21 thoughts on “Ruins

  1. wow. first off this definitely top 3 best combos of music and words. flawless execution there. this is seriously some shonda rhimes shit but sanmi flavored and i love it. just such a captivating opening. i feel like my sister that doesn’t even exist just lost the love of her life. phewww. very touching. cannot wait for part 2.

  2. My goodness, I would be lying if I said I have my mouth closed right now. That was without a doubt beautifully written. I especially enjoyed the build up to the end. Life is just too precious and short. Cherish the one’s you love. I can’t wait for part 2.
    Well done, Wordsmith!

  3. I loved this cus he dies in the end- but I also love it did tge little details- like her blood stained scarf that she holds on to
    Way to go!

  4. It’s crazy that there’s not one story of yours that one can point to and say they can’t relate to it in a way.
    Your writing is beautiful, and you’re only getting better.
    Wow, to G for this, can’t be shedding tears. Looking forward to the next part.
    Ruins seems like it’ll be very interesting.

  5. What the heck man? I swear, this made me tear up. This is a very beautiful piece. Depicts the cruelty of this life, how can something so precious just come to an end. Sigh…. I really look forward to rest of the story. Meanwhile, forgive me for not being consistent with the comments anymore. But I still read every piece. Keep up.

  6. Wow. Just wow. What the heck man!!
    This is so beautifully written. I hope Ms.T finds healing before the series is done.

  7. The music 👌 the beginning is so captivating and just how the story flows, I love it.
    The end 😥 she was so happy. Her life basically ended, pot of beans. I hope she recovers

  8. I can’t imagine that happening to me *tear* Felt this one for sure! Made me feel different cause I tried to imagine it (God forbid).
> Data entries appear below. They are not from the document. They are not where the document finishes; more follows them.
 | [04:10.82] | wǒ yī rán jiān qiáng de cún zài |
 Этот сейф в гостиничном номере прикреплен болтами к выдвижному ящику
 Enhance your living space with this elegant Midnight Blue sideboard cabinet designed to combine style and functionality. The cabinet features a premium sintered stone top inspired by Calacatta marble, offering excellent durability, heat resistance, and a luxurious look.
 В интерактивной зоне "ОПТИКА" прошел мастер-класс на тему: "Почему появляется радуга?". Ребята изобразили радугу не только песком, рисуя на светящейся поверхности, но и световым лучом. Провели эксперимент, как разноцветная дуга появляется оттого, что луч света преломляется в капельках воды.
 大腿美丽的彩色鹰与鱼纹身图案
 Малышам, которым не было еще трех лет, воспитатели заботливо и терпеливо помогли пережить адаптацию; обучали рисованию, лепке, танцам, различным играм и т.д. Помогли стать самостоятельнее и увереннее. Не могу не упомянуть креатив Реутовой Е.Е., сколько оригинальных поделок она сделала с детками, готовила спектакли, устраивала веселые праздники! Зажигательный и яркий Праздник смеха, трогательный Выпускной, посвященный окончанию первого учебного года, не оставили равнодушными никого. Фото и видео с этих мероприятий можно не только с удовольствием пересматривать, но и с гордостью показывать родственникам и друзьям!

I feel like I know who she is!. Well done! Patiently waiting for the next part. Well done Sanmi!

  9. Wow.. I’m loving this story already! Beautifully written as always Sanmi. If part 1 of the series can trigger this much emotion, I can’t wait to see what the rest of the series has in store.
    And that song was just 👌👌 – fits the story perfectly.
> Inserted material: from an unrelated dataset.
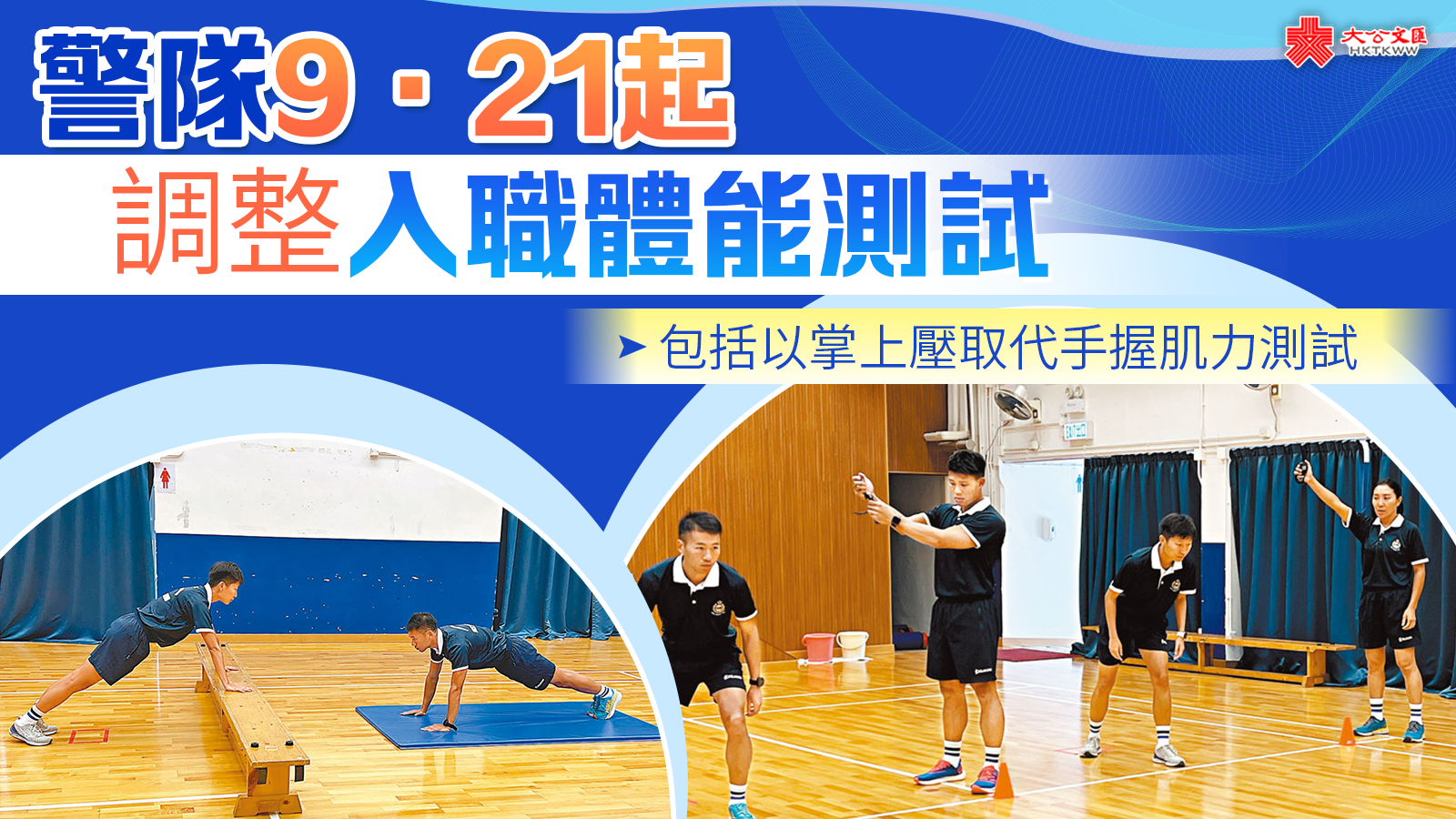 (香港文匯報 記者 李芷珊)警察招募活動近年成效顯著,為吸引更多有志投身警隊的大學生和年輕人,以及統一入職和受訓期間的體能標準,香港警務處將由9月21日起修訂兩項入職體能測試,包括以掌上壓取代現有的手握肌力測試,以及將4乘10米穿梭跑的手部觸線要求,改為用腳觸線。人事部招募組警司陳杰峰解釋,是次調整可便利更多有志服務社會的人士加入警隊,但他強調學院從未降低招生標準,投考難度或比以往增加,未達標準學員不能從學堂畢業。另外,警方本月至下個月將展開新一輪香港本地和內地的「大學招募快線」,冀吸納更多大學生投考警察。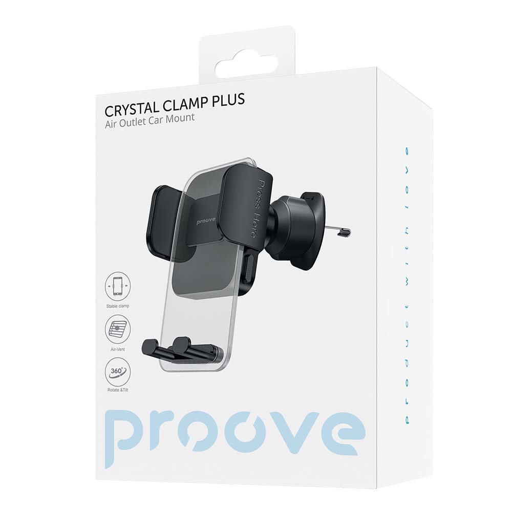 Proove - držák do auta Crystal Clamp Plus (CHCCP0000001) - do mřížky ventilace, mechanická svorka, bezpečné uchycení, pro telefony 4,7-6,9" - černáPrávě probíhá akce, kdy je dopravné od dvou kusů zboží v objednávce zdarma.

  10. FUCK FUCK FUCK. Why do you always do this? Youre going to ruin me. Damn Tony 😢😩. The song made it everything, I rate it and rate you. Welcome back Sanmi #SanmiSaturdays

  11. All I heard my self voice out was OHMY😯
    Can’t wait for the pt2…Beautifully executed Sanmi!!!
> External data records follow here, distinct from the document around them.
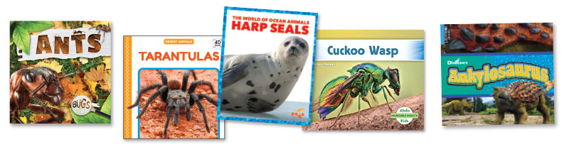 The overall quality level of the 12 series above is high. Most sets will strengthen collections, depending on subject and age level needs. Among the straightforward animal profiles, “Spotlight on Nature” (Creative Education) is a first choice for older readers, while “The World of Ocean Animals” stands out for slightly younger kids. Two fine arthropod series cover common insects (Greenhaven/KidHaven’s “Bugs”) and more unusual ones (Abdo/Abdo Kids Jumbo’s “Incredible Insects”). On the lighter side, “Animal vs. Animal” (Gareth Stevens) and Bearport’s “Library of Awesome Animals” successfully combine humor and fun facts in engaging, but very different presentations.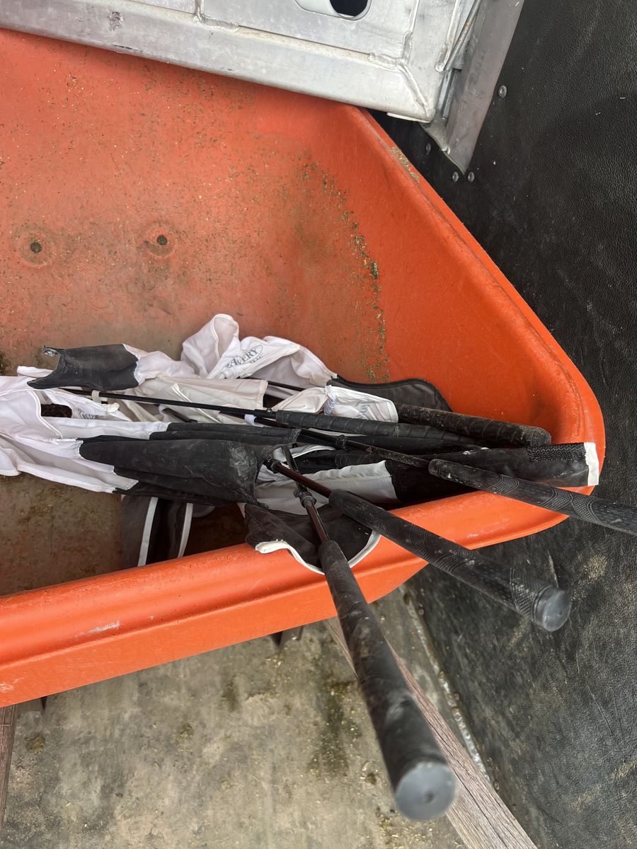 Carry lite shells. Used to be 20 dozen. Maybe 18-19 dozen. Tons of silhouettes. 5 flags. This is an awesome setup and adds a lot of white to a field. Better than socks I think. Call or text. Make an offer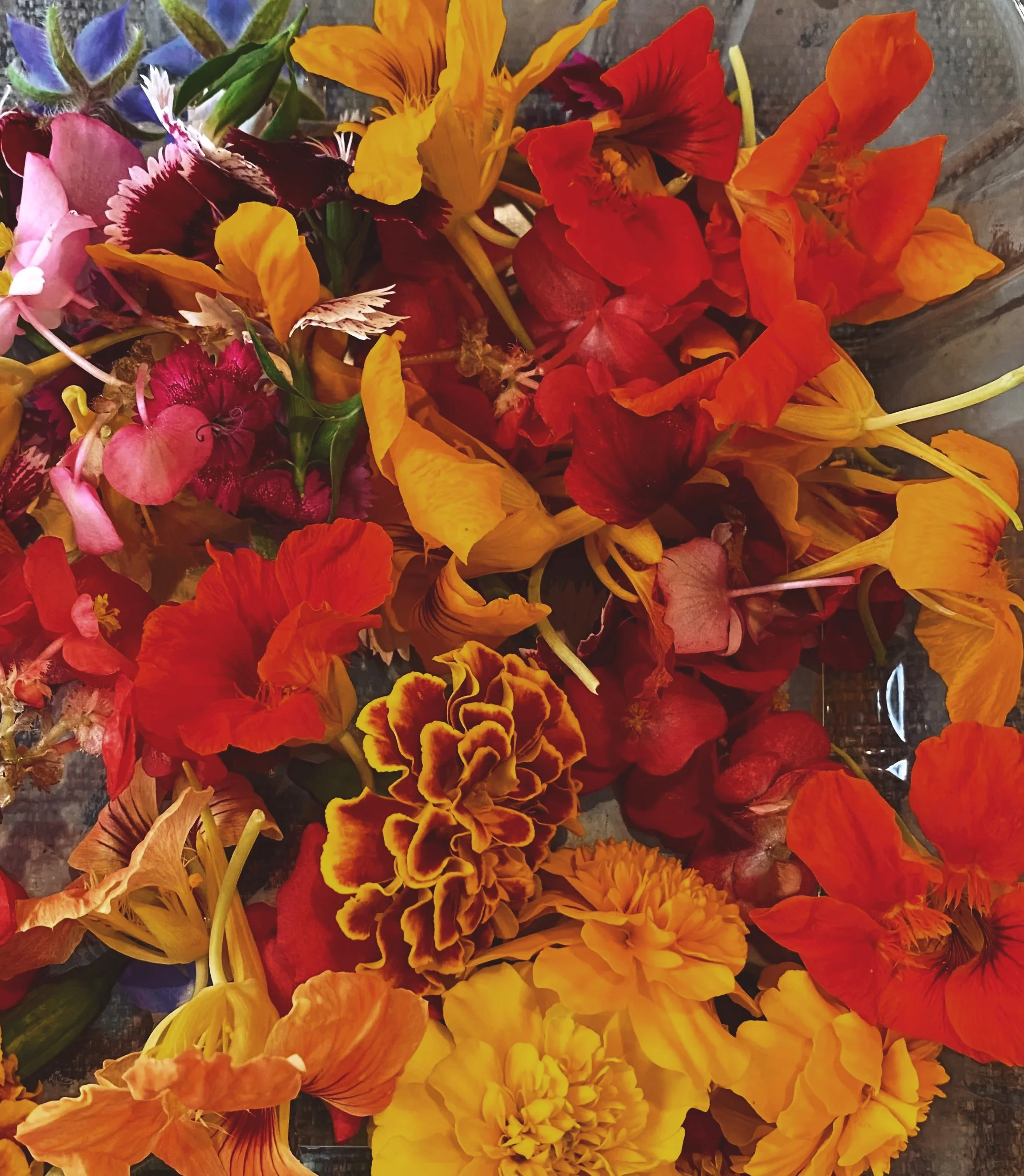 Disclaimer : not all flowers in photos are edible. The only edible flowers are placed directly on the box/cups. Extra foliage are used for decorative purposes only.
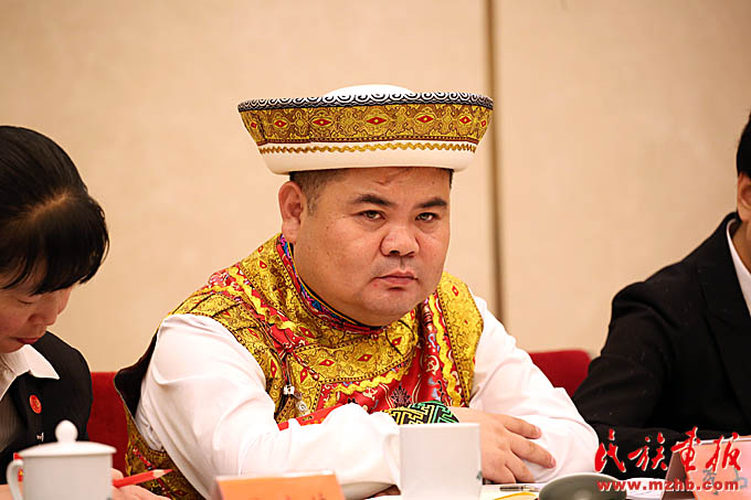 十九大代表、青海省互助土族自治縣林川鄉(xiāng)黨委書記李占魁(土族)在青海省代表團討論會上發(fā)言 (滕俊 攝影)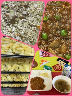 「タコライス」は、炒めたひき肉、玉ねぎをカレー粉、ケチャップ、ウスターソースなどで味付けし、青みにグリーンピースを使用し、ごはんの上にかけて食べます。沖縄料理の一つです。子どもたちに好評な味付けになっています。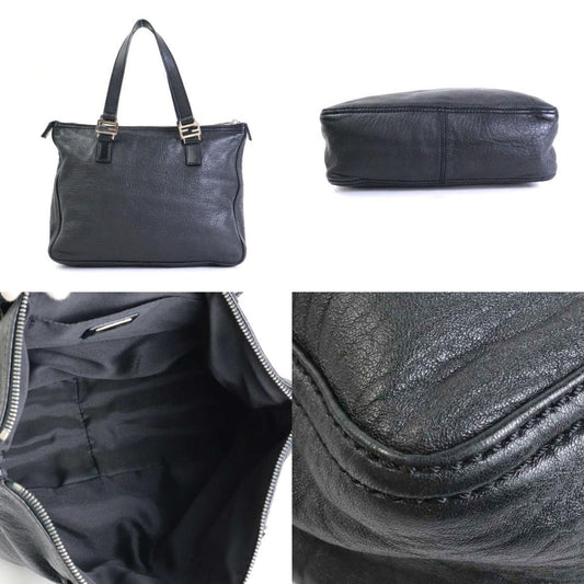 FENDI Handbag Tote Bag Leather Black Silver Unisex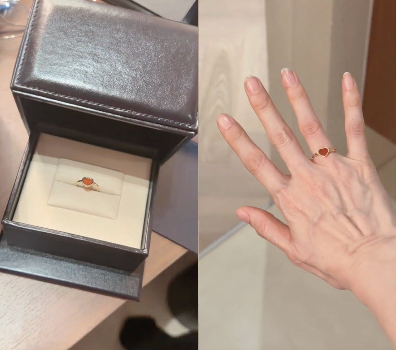 Món quà gây bão mạng xã hội chính là mẫu nhẫn My Happy Hearts đến từ thương hiệu đồng hồ và trang sức cao cấp Thụy Sĩ: Chopard. Happy Hearts collection là thiết kế mang tính biểu tượng được chế tác từ vàng hồng 18K, kết hợp với mặt đá Carnelian (Mã não đỏ) rực rỡ, lồng tinh tế trong khung hình trái tim.

  12. This story hit so close to home. Sometimes when everything seems perfect, one life-changing event occurs and puts an end to any chance of happiness you ever had. This is going to be an emotional rollercoaster.

  13. Wow… I am not sure how to put this in words but this, is just too much.
    You see I had to stop coming here for a while because your stories are too much for me to take in. Deep sigh.

    Well done Sanmi

  14. That song was so perfect. Almost brought me to tears at the end. That kind of heartbreak must be hard to handle. I hope she finds love again!